Jeff answered by pucking again on the spotless floor, blocking, as it were, the hallway to the left.

“Right it is! Now, as I was saying, this otherwise perfectly well regarded team produced a blueprint for a rather unintelligible machine. And not only that, but they claimed that by building such a machine, they could produce the blueprints for still another, even more inscrutable contraption, a contraption which none the less promised to increase research efficiency by a factor of 43! Now isn’t that remarkable? What did the machine entail you ask? Why nothing more than a TI-83 graphing calculator, a piece of technology which hasn’t changed in as many decades! And rows upon rows of newly planted oak trees! Did we connect the calculator in any way, did we integrate it somehow with the acorns we planted? Not at all! We just left it there, left unmonitored in the middle of this preposterous field (it’s been gutted since, but there are pictures I could show you), and when we came back a week later, this stupid graphing calculator inexplicably contained a program called ‘UNIQUE GAMES AND DARK SUN’. Do you know what was in this program?”

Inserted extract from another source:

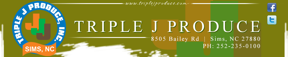Triple J Produce, Inc. is located in Sims, NC. We are a family owned business operated by Joey Hocutt. Our family has been involved in farming for three generations. We raise a diversified line of crops and take great pride in producing quality fresh produce. Our largest crop are Sweet Potatoes, we grow and handle 900 acres and partner with other growers to distribute a total of 3500 acres. We have 300 acres certified organics and continuing to grow our organic acreage.
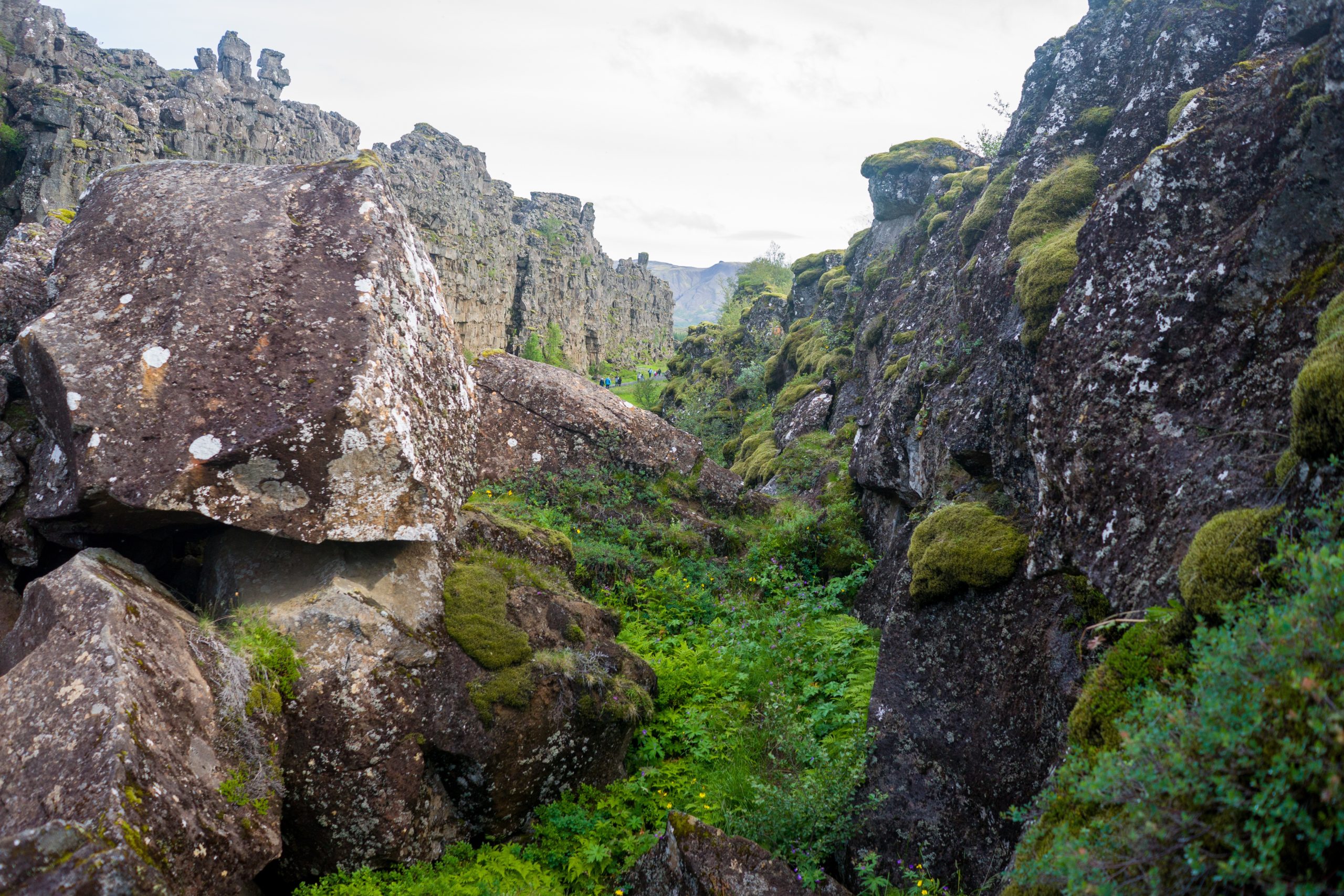 Aber nun erstmal der Reihe nach. Wir werden direkt vom Hotel abgeholt und fahren zum Þingvellir (Thingvellir). Das Herz der isländischen Republik und das älteste, noch existierende Parlament wurde hier im Jahr 930 zum ersten Mal abgehalten. Ein wahrhaft magischer Ort. Von unserem ersten Stop haben wir eine wundervolle Aussicht über das gesamte Tal, in dem die Amerikanische und die Eurasische Platte aufeinander treffen und jedes Jahr einige Milimeter Auseinanderdriften. Das führt zu sehr geraden Abbruchkanten und verschiedenen Canyons im gesamten Tal.

At this question, Jeff collapses against the wall, slowly falling to his knees, despite the forceful upward pressure Clarenton is providing. The hallway lights flicker, and the WDD Man takes a look at his watch. Still on schedule. Nothing to worry about. Very close.

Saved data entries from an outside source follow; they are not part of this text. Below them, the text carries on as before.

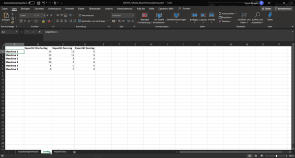 Öffnen der Excel Datei „Maschinenauslastung“ und anwählen Arbeitsblatt „Config“
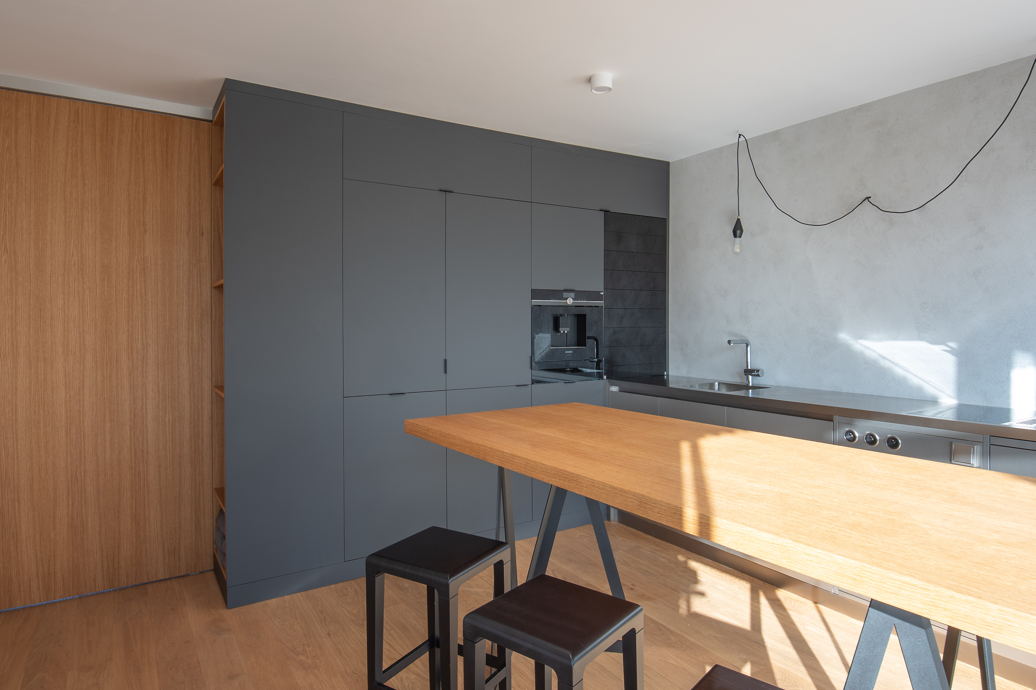 Kdybych měl uvést nejčastější realizaci betonové stěrky dle místa aplikace, určitě to bude kuchyň a prostor za kuchyňskou linkou. Betonová stěrka je ideálním povrchovým materiálem právě pro kuchyně a to hlavně díky své odolnosti, jednoduché aplikaci a krásnému vzhledu. Materiál je zároveň zdravotně nezávadný. Doporučuji na dekorativní stěrku aplikovat jako finální vrstvu i lak (akrylátový, polyuretanový).
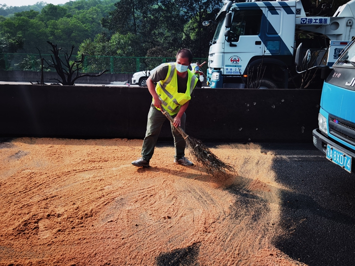 截至5日下午4點(diǎn),廣韶高速養(yǎng)護(hù)人員共使用木屑50袋,共計(jì)1000公斤,對(duì)近4000平方米的油污路面進(jìn)行清理,現(xiàn)已清理完畢。

“Alright. Alright. That’s enough. You’ve done very well. I’ll carry you, no no, don’t move. I have you. This way, Mr. Simmons. This- ughhhh- way. Just do warn me if you’re about to vom- oh. There you go. Alright Mr. Simmons, very well.”

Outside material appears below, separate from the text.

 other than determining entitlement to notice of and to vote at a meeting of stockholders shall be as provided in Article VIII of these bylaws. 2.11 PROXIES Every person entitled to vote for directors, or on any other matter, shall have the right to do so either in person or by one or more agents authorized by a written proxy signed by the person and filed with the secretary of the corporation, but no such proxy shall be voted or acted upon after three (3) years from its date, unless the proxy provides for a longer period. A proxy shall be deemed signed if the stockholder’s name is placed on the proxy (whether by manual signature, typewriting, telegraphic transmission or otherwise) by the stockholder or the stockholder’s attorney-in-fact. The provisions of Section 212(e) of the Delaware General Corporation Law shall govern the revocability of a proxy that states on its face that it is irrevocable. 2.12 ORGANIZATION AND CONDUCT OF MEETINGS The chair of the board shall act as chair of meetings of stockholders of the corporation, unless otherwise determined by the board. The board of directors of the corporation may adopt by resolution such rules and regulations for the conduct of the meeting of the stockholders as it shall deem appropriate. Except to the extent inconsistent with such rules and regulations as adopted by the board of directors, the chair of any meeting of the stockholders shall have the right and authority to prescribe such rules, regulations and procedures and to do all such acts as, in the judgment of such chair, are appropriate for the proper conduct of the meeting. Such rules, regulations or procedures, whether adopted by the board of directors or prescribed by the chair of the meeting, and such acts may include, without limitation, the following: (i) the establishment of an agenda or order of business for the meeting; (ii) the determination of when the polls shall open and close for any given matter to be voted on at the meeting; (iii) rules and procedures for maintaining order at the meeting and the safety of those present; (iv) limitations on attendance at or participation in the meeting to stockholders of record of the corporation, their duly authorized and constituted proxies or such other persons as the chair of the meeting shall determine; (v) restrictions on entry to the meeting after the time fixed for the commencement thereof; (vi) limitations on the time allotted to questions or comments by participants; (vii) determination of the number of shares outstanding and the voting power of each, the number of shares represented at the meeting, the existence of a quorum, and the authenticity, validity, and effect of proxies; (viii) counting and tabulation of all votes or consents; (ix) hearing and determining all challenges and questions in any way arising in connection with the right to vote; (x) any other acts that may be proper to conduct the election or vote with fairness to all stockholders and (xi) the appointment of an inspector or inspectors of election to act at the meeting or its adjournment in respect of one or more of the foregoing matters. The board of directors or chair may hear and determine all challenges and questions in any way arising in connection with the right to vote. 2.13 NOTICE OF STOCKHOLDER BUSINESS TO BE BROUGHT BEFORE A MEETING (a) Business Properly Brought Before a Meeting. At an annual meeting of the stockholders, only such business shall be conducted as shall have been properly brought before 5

And so the two progressed in a forward manner, down the passageways and down into the earth, though there was never a sensation of descending; the labyrinth had been designed that way. After finding his pace and balancing the weight, Mr. Clarenton continued his explanation.

“‘UNIQUE GAMES AND DARK SUN’ contained the solution for the Unique Games Conjecture, a problem thought to have NP-hard algorithmic complexity. Yes very boring to you now, I’m sure, but you have to realize the fervor this sudden mysterious ephiphany prompted. Not only had the team delivered beyond our wildest expectations, but they delivered exactly what they promised, as within the calculator lay a crude series of graphed diagrams, diagrams detailing the Machiavellian machinary that is currently giving you the queasies. We built the room, we trained the squirrels, we programed the roombas, you made and we hung the heads… and do you know what happened? Ah, here we are.”

Another door, another imperceptible login procedure, the portal zooms open, sleak and technologically fuzzed. The room inside is well lit, but  Jeff can’t see it, hung over Clarenton’s back as he is. Poor Jeff.

What was behind the door? We already told you.